What has become of the venerable law of supply and demand?

For thousands of years, surely even before the introduction of money as a means of exchange, even illiterate barterers would know that falling demand or rising supply would mean falling, and the opposite, all other things being equal, rising prices. Still, in one and the same week the president of Germany can openly call for higher gasolene prices to nudge the automotive industry to design more fuel efficient cars while other politicians simultaneously call for a cap on fuel prices “like Luxemburg practices” and be equally publicly welcomed like that was no contradiction.
Make no mistake: consumers will always want lower and merchants and manufacturers always higher prices. And as everyone understands, as they can’t have both, they must eventually “meet in the middle”, i.e. the end result is what economists call a “market clearing price”. That is the price that will just about “satisfy” everyone in that they grudgingly will either buy or sell at that price. Raise it only a little and at last some items will remain unpurchased gathering dust, lower it too much and not only will there be some buyers longing to buy but not finding offers but also sellers not willing to sell.
So, let’s sum up: when prices are too high buyers won’t buy. (Before unsustainably cheap mortgage offers came to market, the very reason we’re now in a mess, it was quite normal that certain people couldn’t afford certain houses!).
Now some economists and their epigones have invented a new theory: when prices are perceived to fall, people won’t even buy when for them (individually) the price is right.
So now we’re in a fix: people won’t buy when prices are too high, people will equally not buy when they are low.
The “opposite of opposites”, if the first premises were true, should then equally be true: people won’t sell when prices are too low, people will equally not sell when they are high.
I think we can agree, the first part always holds true – buyers will not buy if they perceive prices as too high and sellers won’t sell, if they perceive prices as too low.
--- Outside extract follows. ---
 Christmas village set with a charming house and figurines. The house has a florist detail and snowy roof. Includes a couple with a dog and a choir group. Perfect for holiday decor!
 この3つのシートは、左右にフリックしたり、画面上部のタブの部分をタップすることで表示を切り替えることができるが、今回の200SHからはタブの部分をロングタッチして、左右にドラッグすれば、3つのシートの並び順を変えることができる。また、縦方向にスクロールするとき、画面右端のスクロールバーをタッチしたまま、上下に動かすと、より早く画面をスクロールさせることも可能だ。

That is because in both cases market clearing prices are not reached, stuff remains either unbought or unsold. But don’t worry, in cycle two buyers will either accept higher or sellers offer lower prices to stay in business.
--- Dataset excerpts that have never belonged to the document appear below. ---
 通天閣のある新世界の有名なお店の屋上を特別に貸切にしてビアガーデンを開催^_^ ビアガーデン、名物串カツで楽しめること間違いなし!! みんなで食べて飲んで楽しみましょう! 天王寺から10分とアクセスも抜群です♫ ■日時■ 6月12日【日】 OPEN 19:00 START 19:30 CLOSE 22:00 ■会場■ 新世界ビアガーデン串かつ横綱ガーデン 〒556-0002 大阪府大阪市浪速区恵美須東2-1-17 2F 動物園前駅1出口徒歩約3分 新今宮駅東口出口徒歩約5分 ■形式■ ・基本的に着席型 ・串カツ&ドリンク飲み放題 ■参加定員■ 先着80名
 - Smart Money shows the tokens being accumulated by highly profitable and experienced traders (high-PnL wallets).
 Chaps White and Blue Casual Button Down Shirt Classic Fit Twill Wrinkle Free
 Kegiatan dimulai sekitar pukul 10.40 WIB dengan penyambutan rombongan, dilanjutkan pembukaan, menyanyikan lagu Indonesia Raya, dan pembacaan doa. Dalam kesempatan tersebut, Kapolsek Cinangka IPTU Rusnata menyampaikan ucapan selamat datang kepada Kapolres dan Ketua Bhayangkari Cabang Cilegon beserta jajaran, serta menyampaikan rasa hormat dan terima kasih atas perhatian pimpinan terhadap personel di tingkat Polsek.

The “deflation [sinking prices] is scary” argument actually tries to be more convincing by saying “no, it’s not the absolute price level but the direction into which it moves that determines if buyers will buy or not”. (I have a surefire remedy: just as the Fed discontinued publishing the M3 monetary aggregate only publish CPI when prices rise!)
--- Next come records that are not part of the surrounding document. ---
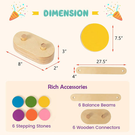 12-Piece Kids Wooden Balance Beam with Colorful Steeping Stones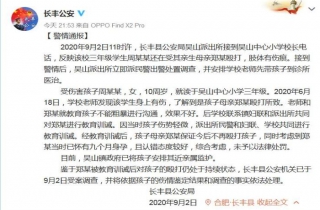 通报指出,2020年9月2日11时许,长丰县公安局吴山派出所接到吴山中心小学校长电话,反映该校三年级学生周某某还在受其亲生母亲郑某殴打,肢体有伤痕。接到警情后,吴山派出所立即派民警出警处置调查,并安排学校老师先带孩子到诊所医治。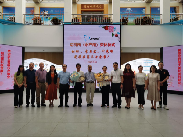 时光荏苒,风雨同舟。为体现组织关怀,增强干部职工退休的政治荣誉感和单位归属感,增进广大退休干部家国情怀,持续发挥余热,引导年青干部尊重老同志、老专家,学习老一辈科技工作者爱岗敬业、无私奉献的优良传统,激发党员干部职工干事创业的精气神,增强凝聚力、感召力和认同感。6月30日上午,动科所在办公大楼会议室为2025年退休的林琳、李书宏、叶秀峰等同志举行荣退仪式,动科所领导班子成员、所退休党支部支委、荣休同志所在部门主要负责人及所办公室相关同志参加活动。活动由所党委书记刘子放主持。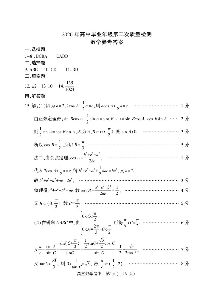 2026年高中毕业年级第二次质量检测 数学答案.pdf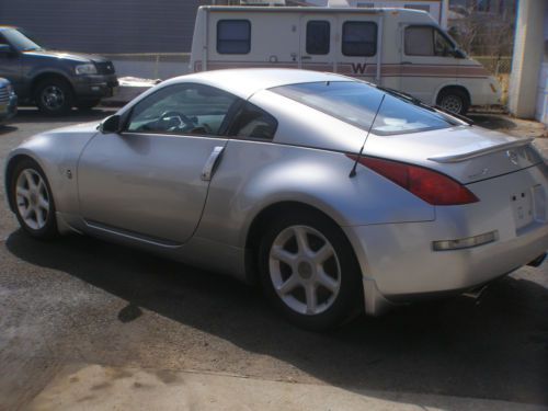 UP FOR SALE IS 2003 350Z V-6 6 SPEED WITH LEATHER POWER HEATED SEATS BOSE STEREO POWER WINDOWS, MIRROWS, TILT ,CRUSE AUTO CLIMATE CONTROL THE BODY HAS TWO SMALL DINGS IN PASS DOOR THE WHEELS HAVE SOME SCRAPES AND SCRATHES. THE CAR HAS NO ISSUES NO DASH LIGHTS NO OIL LEAKS GOOD CLUTCH TIRES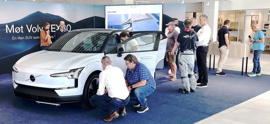 Derfor var det også Volvoansatte fra andre Bilbutikk1-forhandlere til stede, og besøkende fikk god hjelp de åtte timene bilen kunne ses på i Fredrikstad. For her var det se men ikke røre, foreløpig. Volvo EX30 kommer fysisk til landet på nyåret en gang, men allerede nå kan de mest interesserte bestille på nett.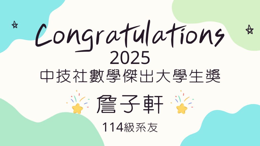 [榮譽] 恭賀本系114級系友詹子軒獲得2025年中技社數學傑出大學生獎 Post author:温湘婷 Post published:2025-11-24 Post last modified:2025-11-24 恭賀本系114級系友詹子軒獲得2025年中技社數學傑出大學生獎!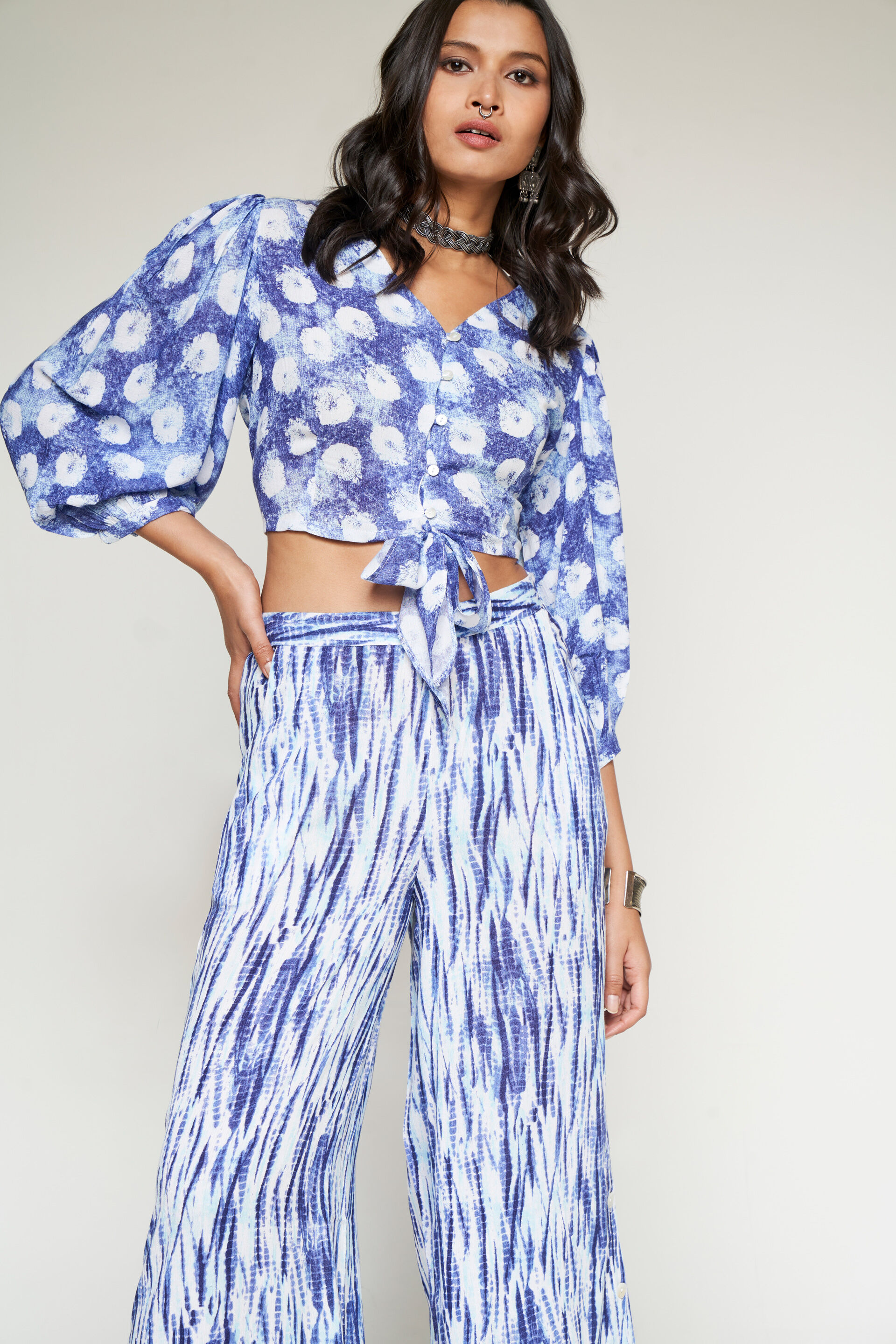 Got a vacation planned this summer close to a beach? We got a perfect match for you! Get this indigo blue tie-dye printed crop top and trouser set. The coordinates flaunt a super cute oversized bow tie-up crop top with three-fourth sleeves and wide-leg bottoms. Elevate this fashionable look with a cane hat, oversized bag and beach slippers to soak up all the sun in style.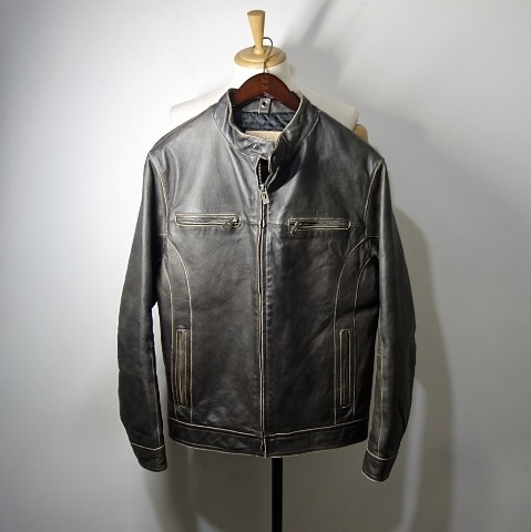 - TK 使用感少 良品 ゲス GUESS 立ち襟 レザーライダースジャケット 裏地 ダイヤ型キルティング M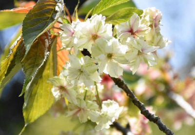 サクラ「御衣黄」「鬱金」が見頃 串間市の普門寺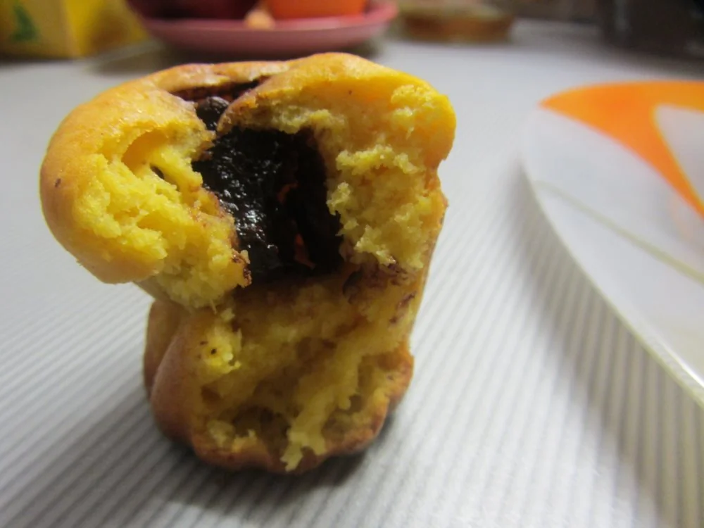 ШАГ 2 Выложить в формочке по столовой ложке теста (примерно), положить кусочек любимого шоколада, накрыть еще ложкой теста.
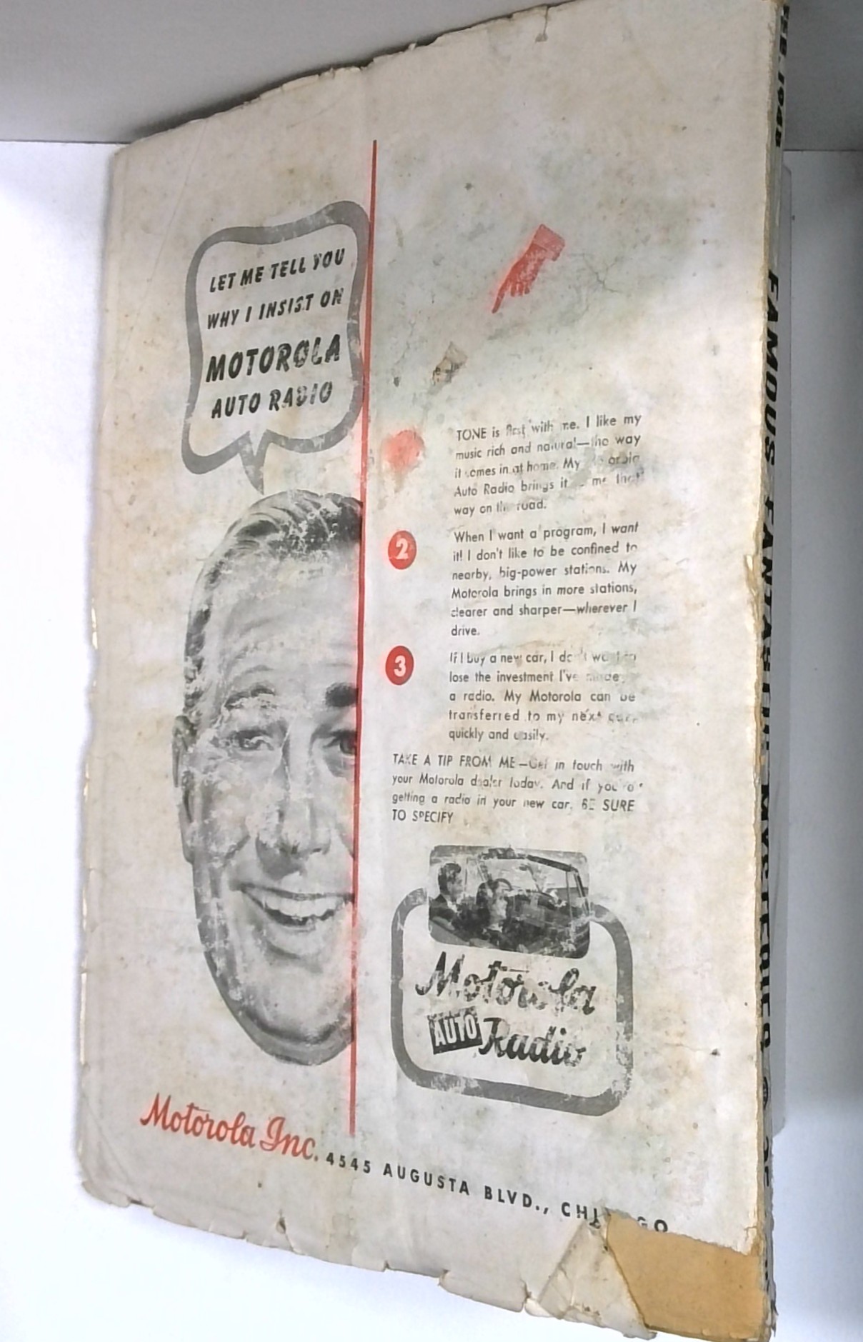 - Front cover detached 20%. Back cover detached 10%. Water damage: Moderate. Staple rust: Slight.

So, as long as prices fall buyers will refrain from buying but the direst necessities. CrisisMaven has his doubts: let’s say, you always wanted a house and a car, “the American Dream” so to speak. You have just married and when you did, it looked as if you couldn’t afford both at the same time. Since a few days prices have “deflated” so much that now you would be able to fulfill that dream, but no, you’ve read that your buyer colleagues in the AFB/CBO (American Federation of Buyers/Congress of Buyer Organizations) have called a nationwide boycott of all goods that are too expensive in what their council has deemed a “fair price”, so you wait, and wait, and wait. Never mind, your wife has since run off with that yuppie and now lives in that nice little home in suburbia and they already have two grandchildren, however, you don’t even speak with such scab scum, you wait and wait and wait … Even the late (very late) Keynes once said “in the long run we’re all dead”.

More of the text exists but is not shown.